Weah won Tuesday’s runoff with 61.5 percent of the vote over Vice President Joseph Boakai, who got 38.5 percent, according to final results.
Liberia, a nation founded by freed American slaves, is seeing its first democratic transfer of power in more than 70 years as Nobel Peace Prize winner Ellen Johnson Sirleaf steps aside. Sirleaf, Africa’s first female president, led the country’s recovery after back-to-back civil wars and saw it through a deadly Ebola outbreak.
“Two days ago the world saw me cry, not because I won, but for the lives of partisans who lost their lives in the struggle for change,” Weah said after being introduced by his running mate, vice-president-elect Jewel Howard-Taylor.
Weah honored Sirleaf, calling her “the Iron Lady of Africa,” and promising to “build upon the institutional gains” her administration has made.
Weah also paid tribute to Boakai, calling him “a statesman and neighbor.”
He called on Liberians living abroad to “come home; this is a new dispensation.” He also called for foreign investments as the flow of aid to Liberia is in decline.
“To investors, we say Liberia is open and ready for business,” he said.
He vowed to fight the types of scandals that have plagued the West African nation, saying “Those looking to cheat the Liberian people through corruption will have no place.”
Benyan Kota, who listened to Weah’s speech on the radio, said he appreciated the statements about tackling corruption and about inclusion.
“Whenever the world inclusion is mentioned it brings to us the feeling that a government wants to bring about protection for the underprivileged and underdeveloped,” said Kota, president of the Christian Association of the Blind.
Voter turnout for the runoff was low, but Weah drew overwhelming support from the younger generation, which makes up a majority of Liberia’s population of 4.6 million.

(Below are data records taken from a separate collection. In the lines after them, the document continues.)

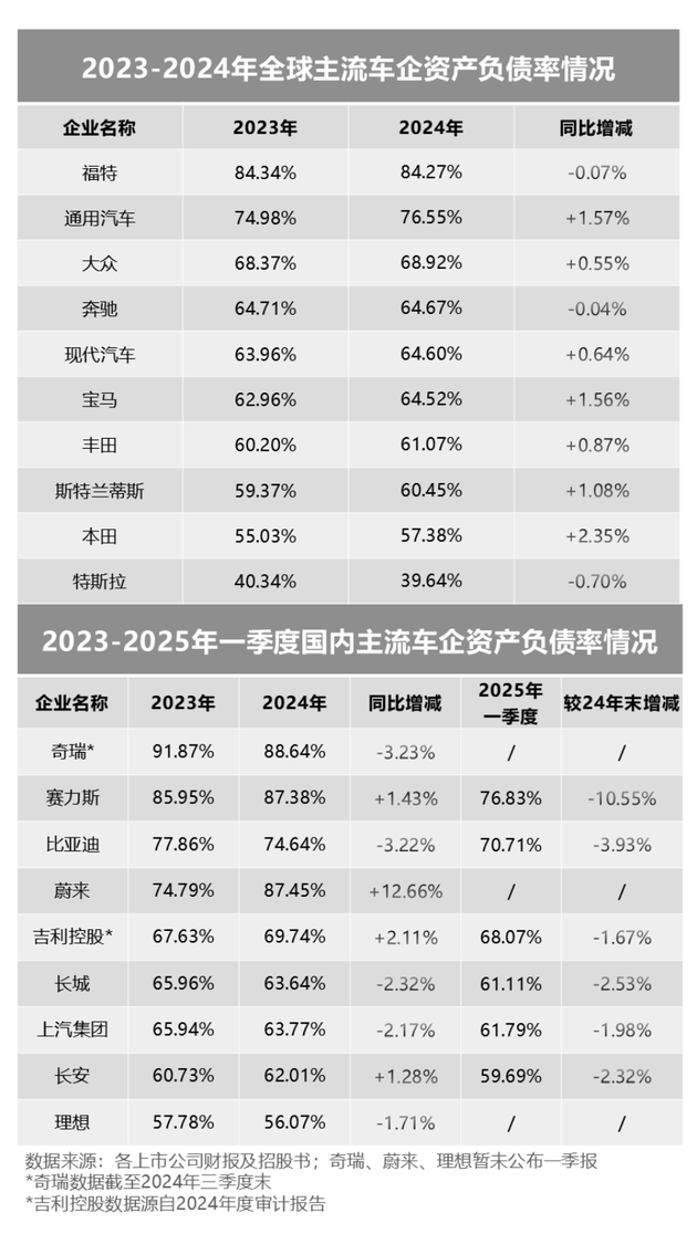 近期,全球上市车企陆续公布2024年报和2025一季报,资产负债率成为关注焦点。总负债与企业规模和营收相关,受重资产、长周期特性影响,汽车行业普遍负债较高,国际车企与中国头部车企多在60%以上。不过趋势分化明显,国内车企负债率普遍回落,其中比亚迪半年内下降近7个百分点至70.7%,有望年内降至“6”字头,财务韧性逐步显现。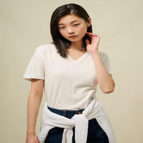 [빈폴레이디스][Essential] 솔리드 V넥 슬림핏 티셔츠 화이트 (BF5242E021) .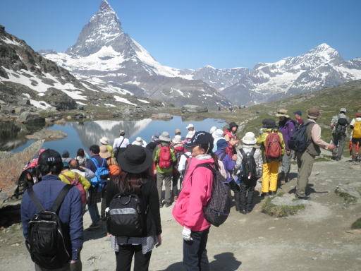 案の定他にいくつものグループが殺到していて、コースは渋滞状態です。「逆さマッターホルン」の見える湖の周りは写真のとおり日本人だらけ、いつもの光景が戻って来ました。(この写真の裏側にはこの何倍もの日本人グループがいます)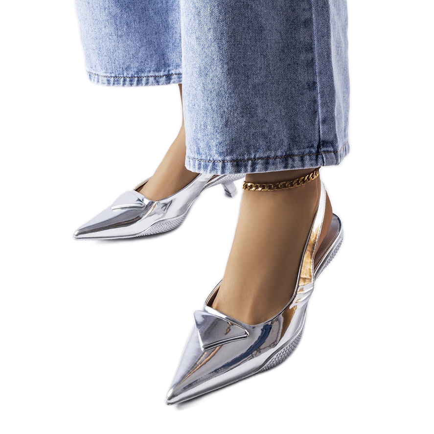 Apresentamos as sandálias de salto baixo prateadas Gougeon, que são a combinação perfeita entre elegância e conforto. Estas elegantes sandálias de pato apresentam biqueira fechada e salto aberto, o que as torna práticas e modernas. Graças ao elástico, calçar e tirar o calçado é extremamente fácil e confortável.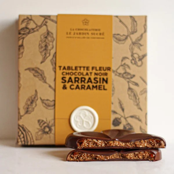 ル・ジャルダン・シュクレの象徴的なロゴをモチーフとしたそば粉と塩バターキャラメルのプラリネチョコレート。カリッとしたダークチョコレート、とろけるキャラメル、そばの軽やかなサクサク感。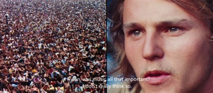 在纪录片《伍德斯托克音乐节1969》的镜头里,一个金发男孩说:“好像每一个来的人都在寻找某种答案。当然,我认为这里没有。为什么60000,70000甚至更多的人都来到了这?音乐真这么重要吗?我不这么想。人们不知道该如何生活,人们不知道该怎么做,但他们觉得这里或许可以给出一个答案。人们只是非常迷茫而已。”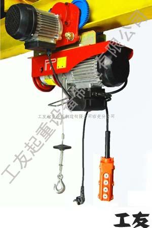 工友起重设备制造有限公司设计生产的微型电动葫芦适用于各种场合,可提升1000公斤以下的货物,特别适用于高层楼房从楼下吊起较重的物品。结构简单、安装方便、小巧玲珑,且用单向电作为动力源。微型电动葫芦在生产设计方面均达到了国际标准,保证了使用的安全性,电机散热片采用铸铁结构,提高了使用寿命。微型电动葫芦提升速度可以达到10米/分,钢丝绳长初设计为12米(加长可定做),在吊钩方面,特别设计了先进的双钩设置,极大的增加了微型电动葫芦的起重重量,微型电动葫芦采用220V民用电源,特别适用于日常民用,工业生产线,货运物流等场合。

Weah’s rags-to-riches story has been an inspiration to many supporters who call him “King George.”
Though hundreds sang his praises and chanted his name at the end of his speech, Weah did not mention how he intends to tackle the country’s economic woes, nor did he announce specific program to address unemployment.
Expectations will be high for Weah to lift the nation from poverty and create jobs.
In addition to corruption, Liberia faces problems with electricity and a health care system decimated by the Ebola outbreak. Weah’s critics have said his brief experience in politics will be a challenge for the nation.
Weah had run in the country’s last two elections, winning the first round of the 2005 vote that eventually went to Sirleaf. He ran as the vice presidential candidate with diplomat Winston Tubman in 2011; they boycotted the runoff that granted Sirleaf her second term.
As Liberia grappled with the Ebola outbreak in 2014, Weah was elected as a senator, defeating Sirleaf’s son Robert for the seat.
Weah is expected to take office in January.